Abstract: In the global migration landscape, China has not been conventionally perceived as a destination country for immigration from abroad. Much scholarly and policy attention to date have focused on the ‘internal’ migration of rural migrant workers as part of the country’s rapid industrialisation and urbanisation. Yet, in its rise as a global economic power, China has become an emerging destination for international migrants from both developed and developing countries in recent years. For example, unofficial estimates of the number of African immigrants residing in Guangzhou, one of China’s largest coastal cities, are as high as 100,000-200,000 — many of whom have irregular migration statuses.

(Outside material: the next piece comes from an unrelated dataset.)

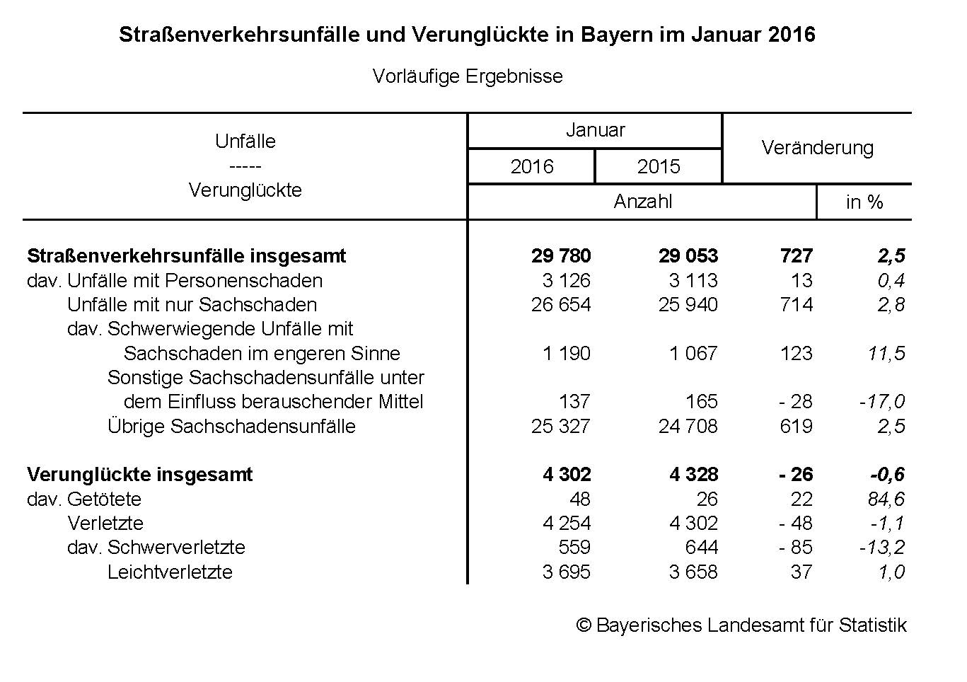 Im Januar 2016 ereigneten sich auf Bayerns Straßen nach den vorläufigen Meldungen der Polizei insgesamt 29 780 Unfälle und somit 2,5 Prozent mehr als im Vorjahresmonat. Nach Mitteilung des Bayerischen Landesamts für Statistik stiegen Unfälle mit Personenschaden lediglich leicht um 0,4 Prozent, während Sachschadensunfälle um 2,8 Prozent zunahmen. Die Zahl der Verunglückten sank um 0,6 Prozent auf 4 302 Fälle insgesamt. Es wurden 48 Verkehrsteilnehmer getötet (+84,6 Prozent), 559 schwer (-13,2 Prozent) und 3 695 leicht verletzt (+1,0 Prozent).
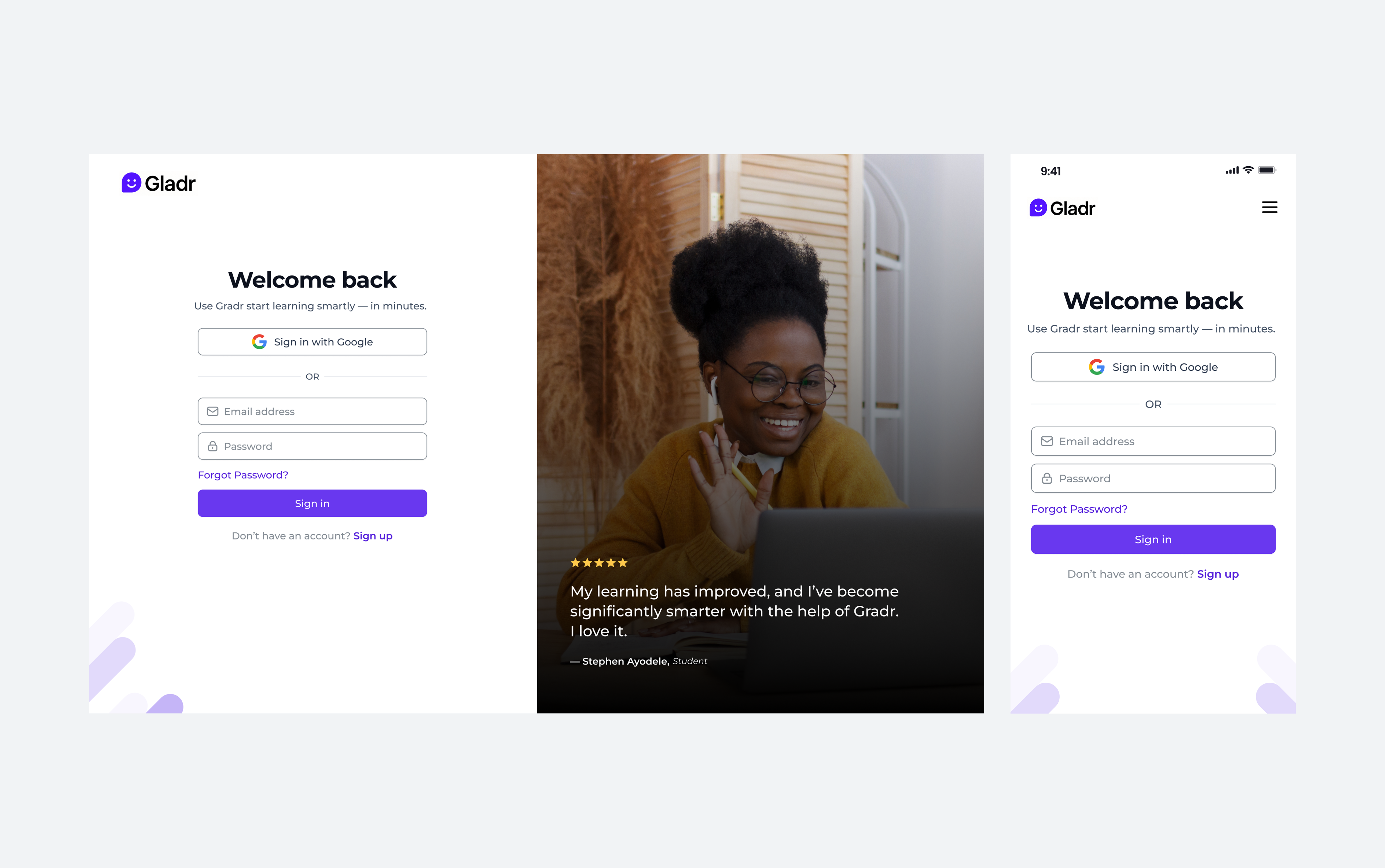 Gladr is an AI-powered study app that identifies users’ weak points and provides personalized learning guidance. I enhanced the user experience and redesigned the interface to make the app more intuitive, visually polished, and user-friendly.

Increasing numbers of foreign migrants in some Chinese cities have seen the rise of a public discourse against the so-called ‘three illegalities’ (sanfei) of illegal entry, illegal residence, and illegal work. Against this backdrop, the enactment of the Entry and Exit Administration Law 2013 (EEAL) has been considered by policymakers as one of the most important immigration legislation to date for regulating new immigration patterns. The new law introduces a variety of restrictions on the entry, residence, and employment of migrants, penalties and sanctions for immigration breaches, and whistleblowing obligations on employers and members of the public to report ‘sanfei’ activities.

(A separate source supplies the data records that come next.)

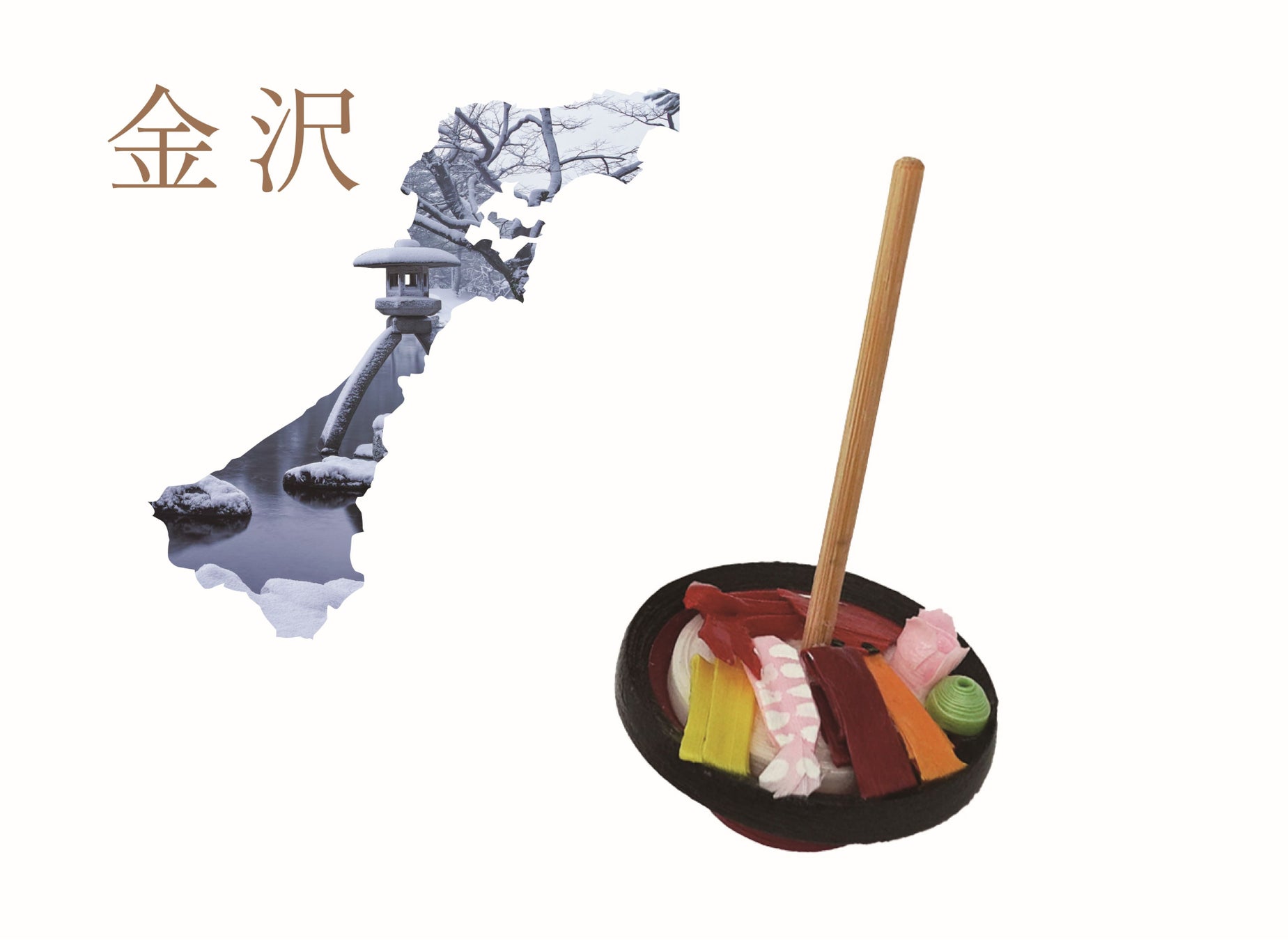 生鮮魚介類の支出が全国トップクラスの金沢市。古くからの伝統の技と新鮮な食材に恵まれ、加賀百万石とうたわれる豊かな地です。カニやエビ、マグロを載せた彩り豊かな海鮮丼の京こまを制作いただけます。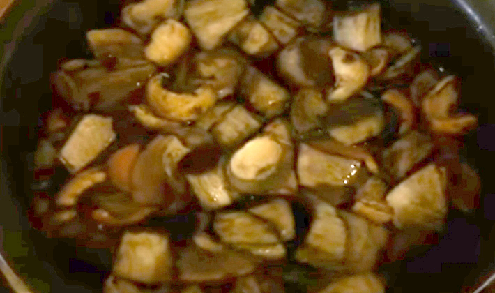 - Faites cuire à feu vif en ajoutant une petite quantité d'huile végétale jusqu'à ce que le liquide s'évapore complètement.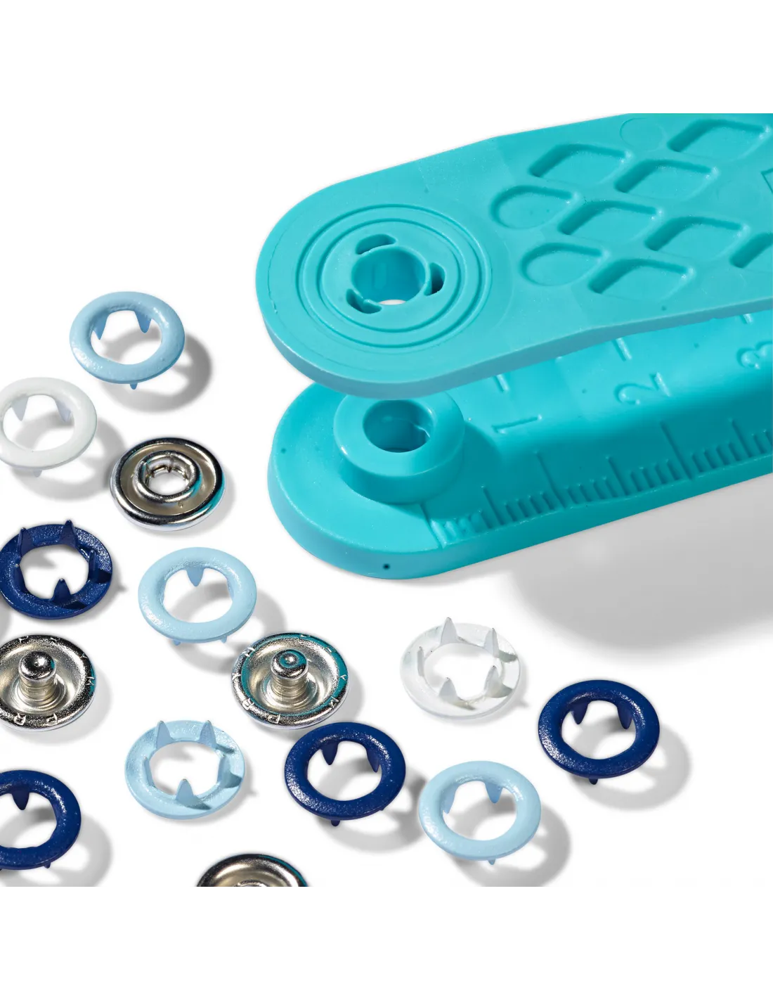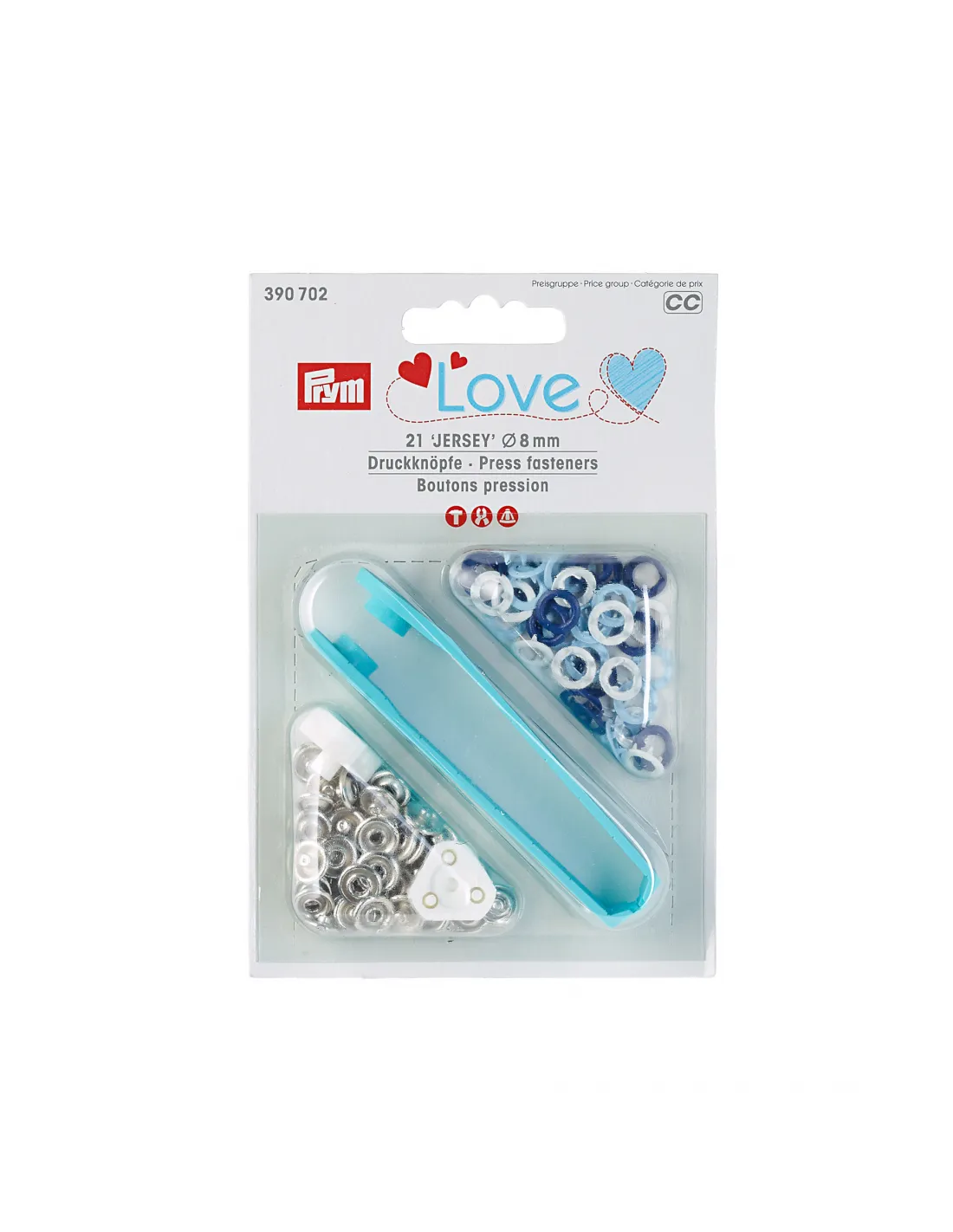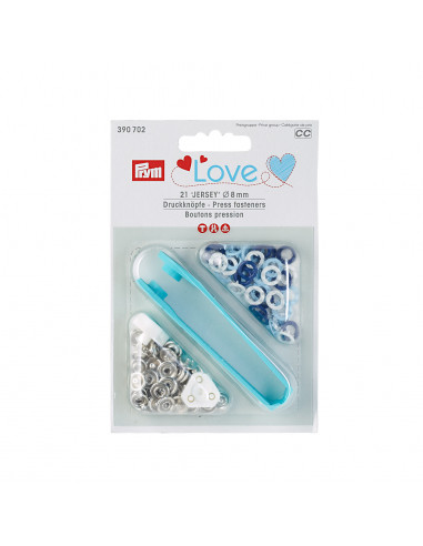 Les boutons pression sans couture « Jersey » de la série « Prym Love » se démarquent surtout par leur mélange de couleurs harmonieuses. Ils sont particulièrement adaptés pour les tissus minces, élastiques comme p. ex. pour vêtements bébé ou enfant. Les boutons pression sans couture « Prym Love » ont un diamètre de 8 mm et sont disponibles au choix en différentes combinaisons de couleurs assorties par trois. Un outil de finition est inclus dans chaque paquet. Aucun pré-perçage nécessaire pour fixer les boutons pression jersey. Un court guide se trouve au dos du paquet.

Drawing on comparative insights from the literature examining the relationship between precarious migration statuses and migrants’ vulnerability in the workplace, this paper analyses how several key features of the EEAL regime — situated in a socio-political context of ‘combating sanfei’ — can undermine migrants’ employment rights and protections. This analysis is contextualised in the growing ‘precarisation’ of the Chinese labour market. This paper breaks new ground by advancing knowledge and developing theoretical lens in a heavily under-examined field of inquiry concerning labour immigration in China, which is likely to become increasingly important in the near future as the country confronts the challenges of significant demographic shifts.
About the speaker: Professor Mimi Zou teaches at the Faculty of Law, the Chinese University of Hong Kong. She received her law doctorate (DPhil) and master's (BCL) degrees from the University of Oxford. Her current teaching and research interests are in employment law, contract law, and Chinese law. Before coming to CUHK, Professor Zou was Junior Dean of St John's College at University of Oxford, Lecturer and Research Fellow at Utrecht University, and Senior Tutor at Sydney Business School. She has held visiting positions at the Australian National University, Tsinghua University, Zhejiang University, Southwest University of Political Science and Law, Utrecht University, University of Sydney, and the University of Oxford.